Diego Costa fue, durante algunos años, el repetidor del Atlético de Madrid. Apareció en escena sin ser ni mucho menos una estrella y asumiendo una responsabilidad extraordinaria justo en el momento en el que el equipo del Cholo, huérfano de la indudable referencia ofensiva que era Radamel Falcao, necesitaba de un nuevo líder espiritual que guiara a la turba. Todo en los partidos de aquel Atleti revolucionario y contestón giraba en torno a su figura. Lo bueno, lo malo y lo regular.

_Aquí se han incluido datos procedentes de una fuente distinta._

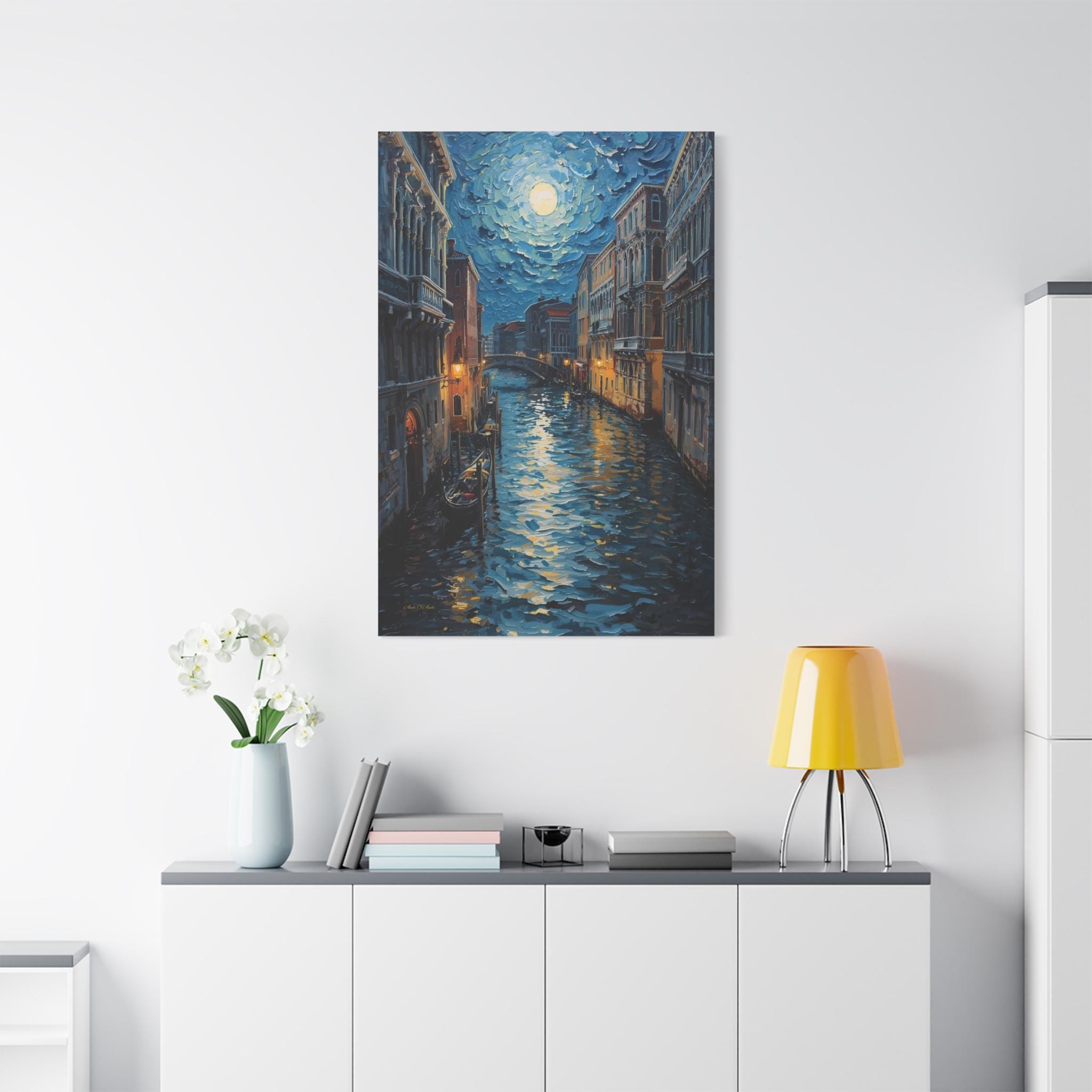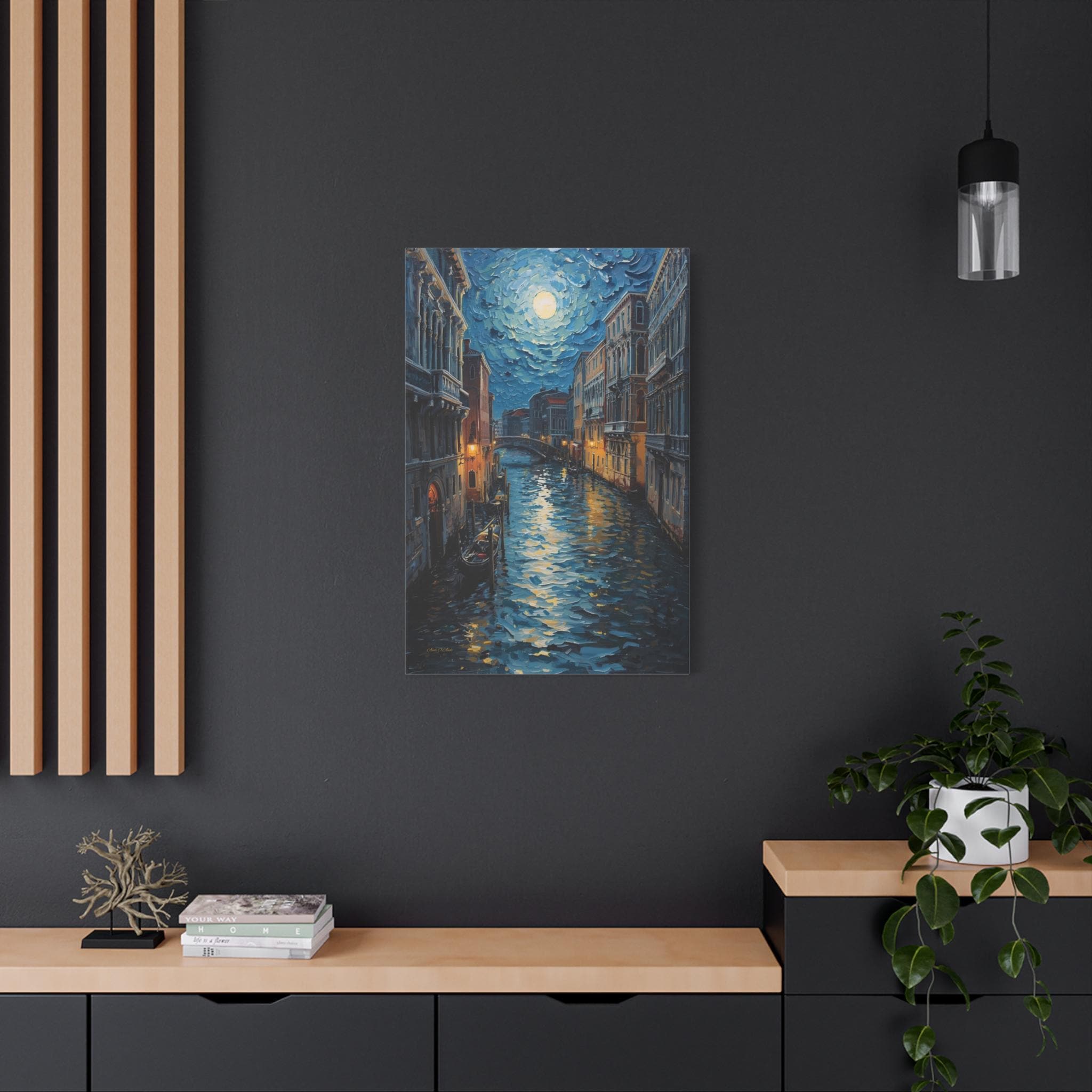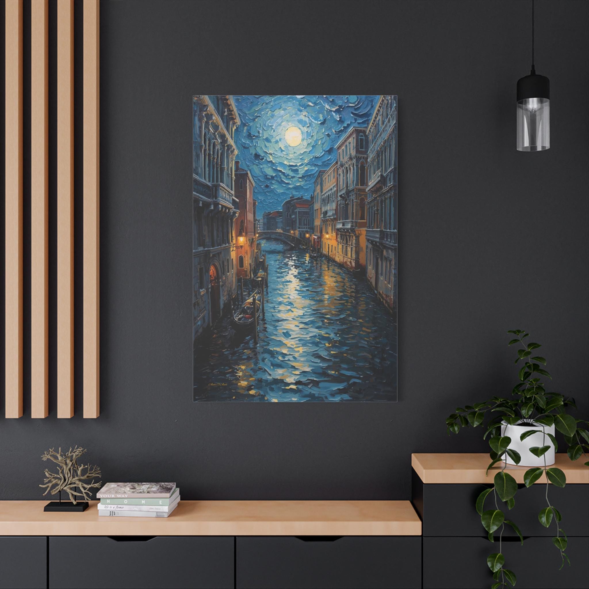 Transport your home to the romantic waterways of Italy with this enchanting canvas print of a Venetian canal at night. This mesmerizing artwork features a serene canal lined with historic buildings and docked gondolas, all illuminated by the warm glow of streetlamps and a magnificent, swirling full moon.

Costa jugaba, se ofrecía, remataba, discutía, se zafaba, forcejeaba, sonreía y se peleaba. Pero Diego no era como aquel hijoputa que lideraba a sus compañeros imponiendo la disciplina del miedo en sexto de EGB. Diego Costa hacía goles. Y ofrecía un muy buen rendimiento deportivo del que su equipo casi siempre conseguía sacar partido. Aglutinaba toda la trascendencia del juego de su equipo. Pocas veces se ha visto a un futbolista crecer tanto en tan escaso plazo de tiempo y resultar tan determinante e incidente en el juego colectivo de su equipo. Diego Costa, como aquel repetidor preadolescente, es un macarra y probablemente nunca dejará de serlo, pero tiene tantas cosas buenas cuando se viste de corto que su vis lúcida es cada día más potente que su vis oscura.

Por eso Diego Costa vuelve, tres años después de su salida con destino a Londres, como el héroe al que siempre se le respeta el sitio. Porque el recuerdo que de él se tiene entre la afición colchonera es inmejorable. Porque pocos futbolistas como él se han significado de semejante manera, en determinados momentos excediendo incluso de lo contractualmente tolerable, a la hora de poner de su parte para irse a un determinado equipo.

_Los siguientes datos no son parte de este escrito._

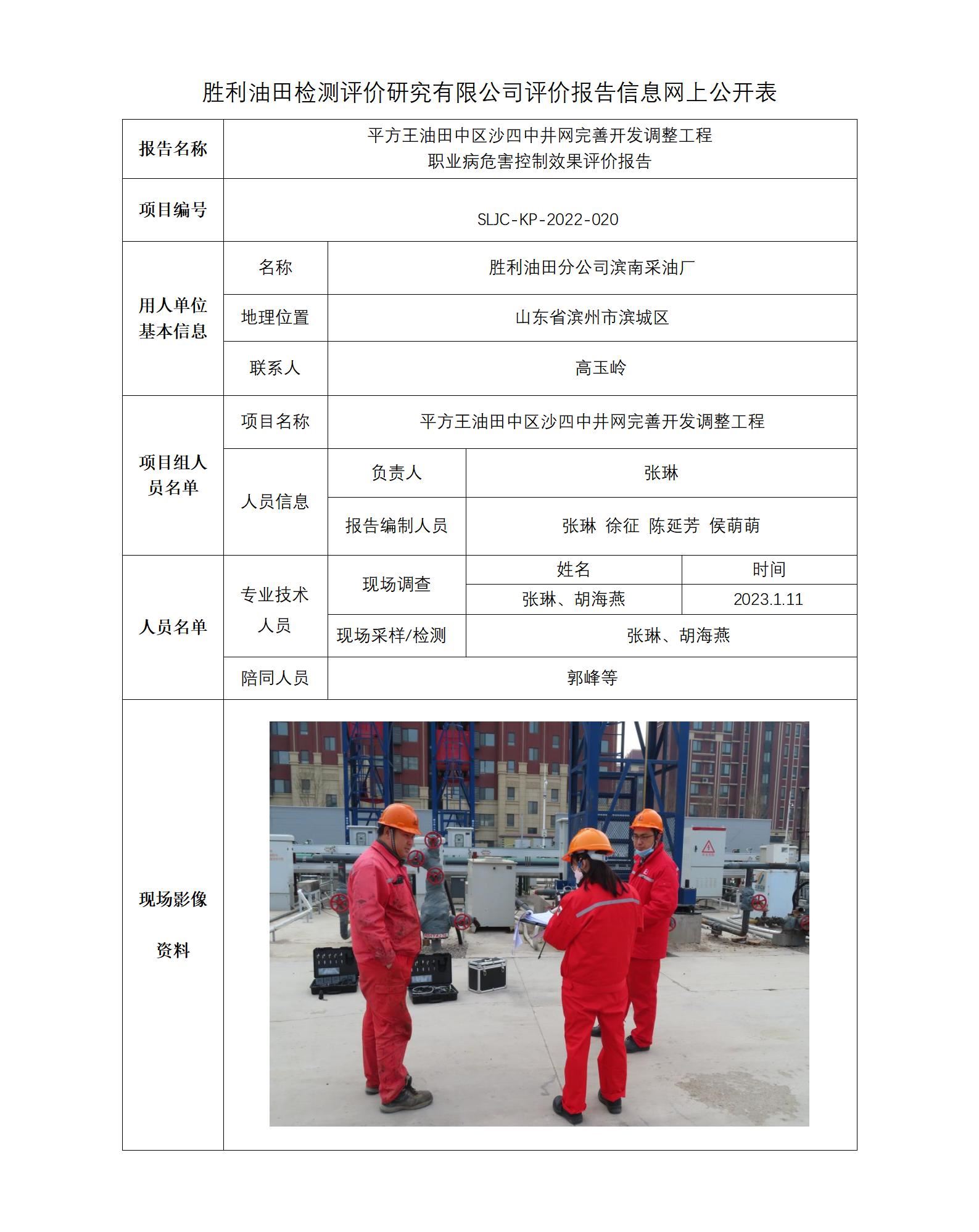 平方王油田中区沙四中井网完善开发调整工程职业病危害控制效果评价报告

Surgió de la nada, emergiendo desde el subsuelo de las divisiones inferiores portuguesas a las que llegó después de salir de su Brasil natal siendo un simple jugador amateur en busca de una vida. Acumuló una retahíla de cesiones desde su llegada a la disciplina rojiblanca. Pateándose media España, de cesión en cesión, con el mismo tesón y abnegación que demuestra en cada balón que pelea y en cada carrera que le disputa a su defensor. De ser un futbolista secundario y sin apenas carisma en busca de su sitio pasó a convertirse en el jugador más añorado por la hinchada colchonera en la obligada mudanza al Metropolitano. Con su estilo atropellado y brusco, quizá algo torpe, pero efectivo. Con su capacidad para acumular acontecimientos alrededor de su figura. Con su tendencia innata al exceso. Pocas cosas mejores le podían pasar a este Atleti.

Camisetas de Diego Costa en Classic Football Shirts.

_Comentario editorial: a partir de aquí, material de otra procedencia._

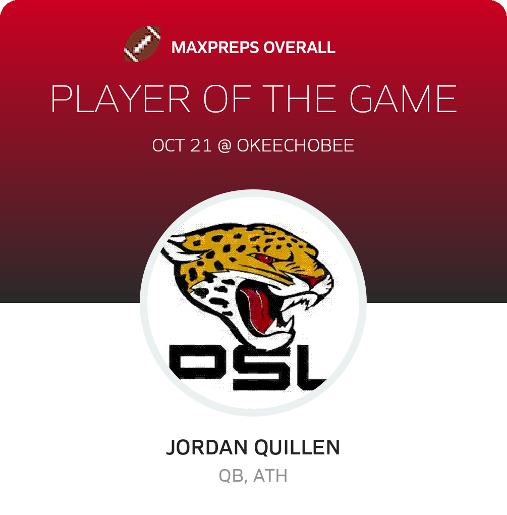 October 21, 2024: Okeechobee, FL 34972 Port St. Lucie Jaguars (Port St. Lucie, FL) followers went home pleased Monday as they saw their football team gain a win over the host Okeechobee Brahmans (Okeechobee, FL), 38-17 in a league battle.
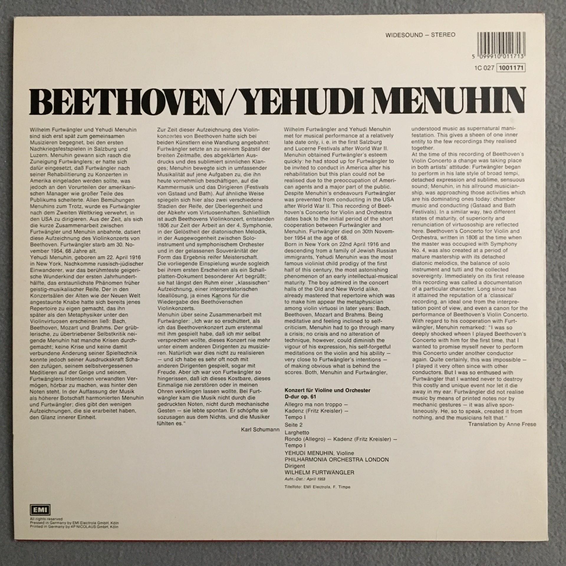 U300 Beethoven Violin Concerto Menuhin Furtwängler EMI 1C 027 1001171 Stereo

Bilbao, 1977. Abogado. Una noche de lluvia y frío en (el viejo) San Mamés, una canción en el Riverside de Craven Cottage, un balón rodando por un descampado al caer la tarde. En Notas de Fútbol desde septiembre de 2005 hasta agosto de 2006. Cofundador de Diarios de Fútbol en agosto de 2006. borja.barba @ diariosdefutbol.com

3 Comments

  1. Israel

    25 de septiembre de 2017 a las 5:05 pm

    Griezman, Gameiro, Costa. Pfff que delantera la del Atlético para Enero.Está por ver si para Enero el Atlético todavía estará en condiciones para hacerse con la liga, y si sigue en Champions (que yo creo y espero que si)

  2. yo

    29 de octubre de 2017 a las 1:08 pm

    Esperemos que no osen llevar a tal mendrugo a la selección, representa y es todo lo contrario a la selección española que ha hecho historia. Creo que se entendería mejor con sus compañeros y el ambiente si jugase en la liga de prisiones. Como invitado eh.

  3. Jose Browser

    11 de noviembre de 2017 a las 4:45 am

    Me agrada la manera en la que redactas, muchas gracias, seguiré leyendo tu blog.